▶ **Required action**: Exactly the lines from the one containing "くるくるランドの作品からとて" through the final line of the data below, with pictures omitted, make up the answer.

▶ **Records from a collection**:
########

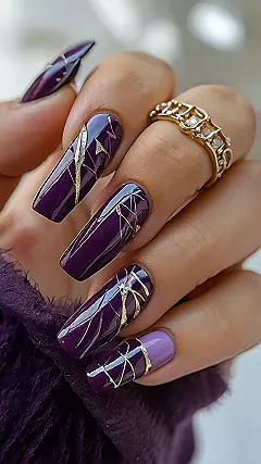 Those purple nails are seriously goals! They’re like the royal family of manicures, rocking that deep, rich color. And that gold swirl design? It’s giving off major “I’m too glam to give a damn” vibes. Bet you could totally hypnotize someone with those nails. Just kidding… mostly.
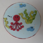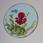 くるくるランドの作品からとても気になったと言われたタコを中心にプレートに仕上げました。ブラジルにはない技法と喜ばれました。 |
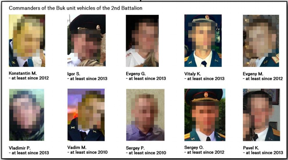 Автори дослідження стверджують, що "Буком", з якого збили літак, швидше за все, управляли військовослужбовці 2-го батальйону 53-ї зенітно-ракетної бригади армії РФ. Bellingcat відзначає, що до складу стандартного екіпажу "Бука" входять двоє осіб - оператор установки і водій, а також двоє офіцерів - сержант і лейтенант. При цьому рішення про запуск ракети ухвалює лейтенант. Автори звіту змогли встановити особи десяти офіцерів 2-го батальйону, один з яких зміг віддати наказ. Утім, хто саме це зробив, експерти Bellingcat у даному звіті не кажуть, тому у ньому вказані лише їхні імена і перші літери прізвищ, а обличчя на фотографіях навмисне розмиті.
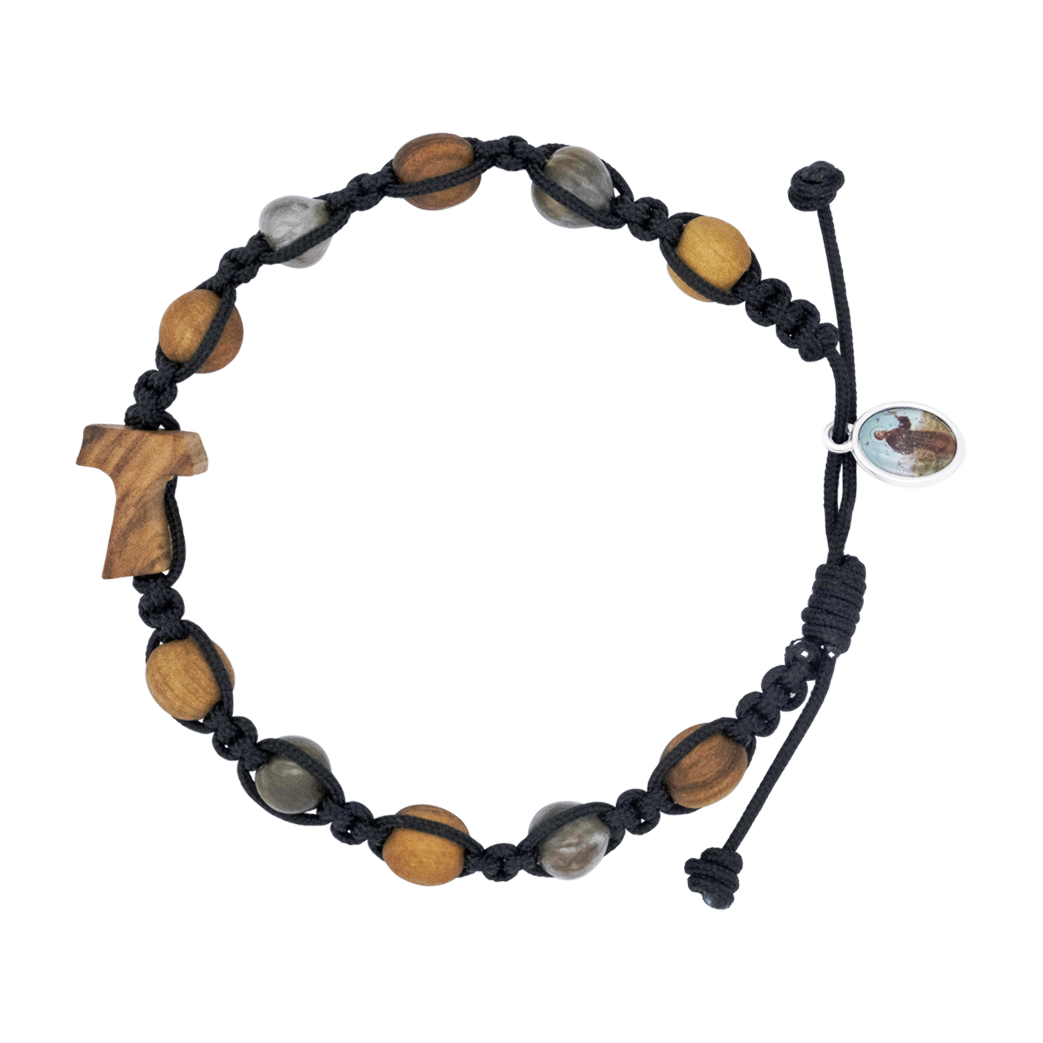 Pulsera rosario de decena con cruz Tau y medalla de San Francisco de Asís. Esta pulsera de madera de olivo con piedras naturales fue trenzada a mano con hilo de alta calidad.
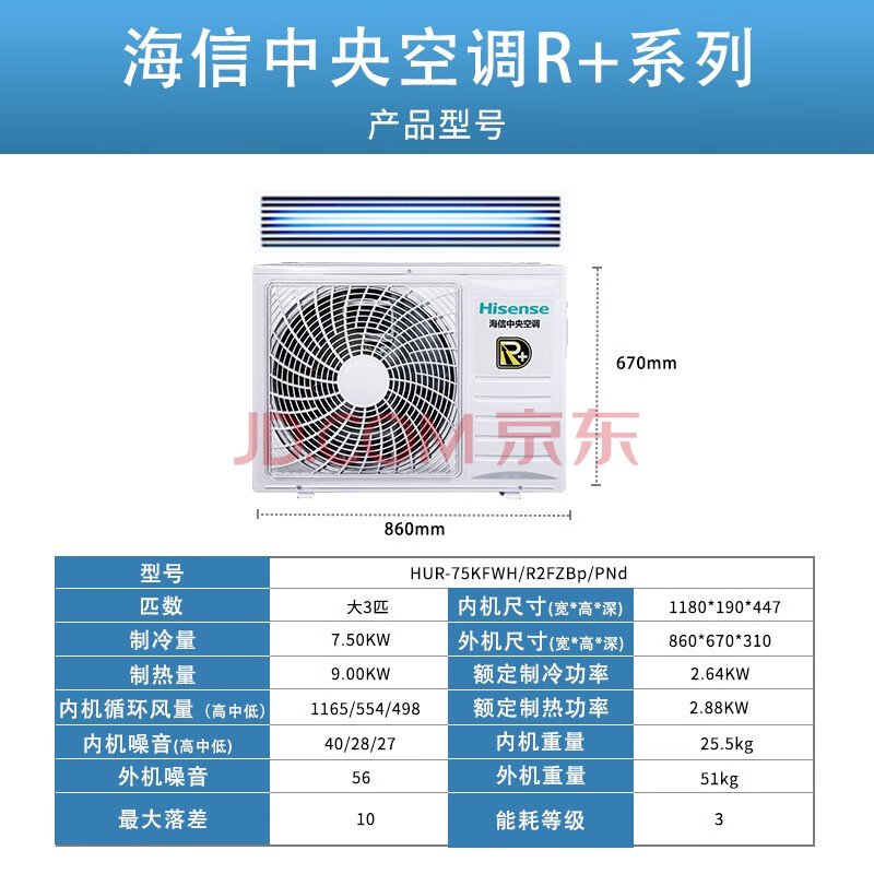 商品相册:海信(Hisense)大3匹变频风管机隐藏嵌入式 带净化模块R+系列 HUR-75KFWH/R2FZBp/PNd(不含安装费和辅材)第
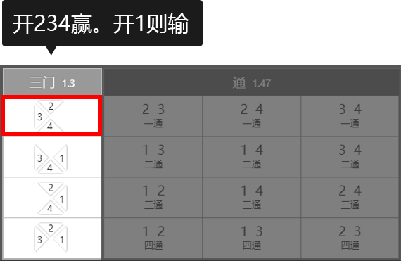 三门玩法注解:选择三个号码的组合,开出为赢,其余为输。

########

▶ **Written answer**:
 くるくるランドの作品からとても気になったと言われたタコを中心にプレートに仕上げました。ブラジルにはない技法と喜ばれました。 |
 Автори дослідження стверджують, що "Буком", з якого збили літак, швидше за все, управляли військовослужбовці 2-го батальйону 53-ї зенітно-ракетної бригади армії РФ. Bellingcat відзначає, що до складу стандартного екіпажу "Бука" входять двоє осіб - оператор установки і водій, а також двоє офіцерів - сержант і лейтенант. При цьому рішення про запуск ракети ухвалює лейтенант. Автори звіту змогли встановити особи десяти офіцерів 2-го батальйону, один з яких зміг віддати наказ. Утім, хто саме це зробив, експерти Bellingcat у даному звіті не кажуть, тому у ньому вказані лише їхні імена і перші літери прізвищ, а обличчя на фотографіях навмисне розмиті.
 Pulsera rosario de decena con cruz Tau y medalla de San Francisco de Asís. Esta pulsera de madera de olivo con piedras naturales fue trenzada a mano con hilo de alta calidad.
 商品相册:海信(Hisense)大3匹变频风管机隐藏嵌入式 带净化模块R+系列 HUR-75KFWH/R2FZBp/PNd(不含安装费和辅材)第
 三门玩法注解:选择三个号码的组合,开出为赢,其余为输。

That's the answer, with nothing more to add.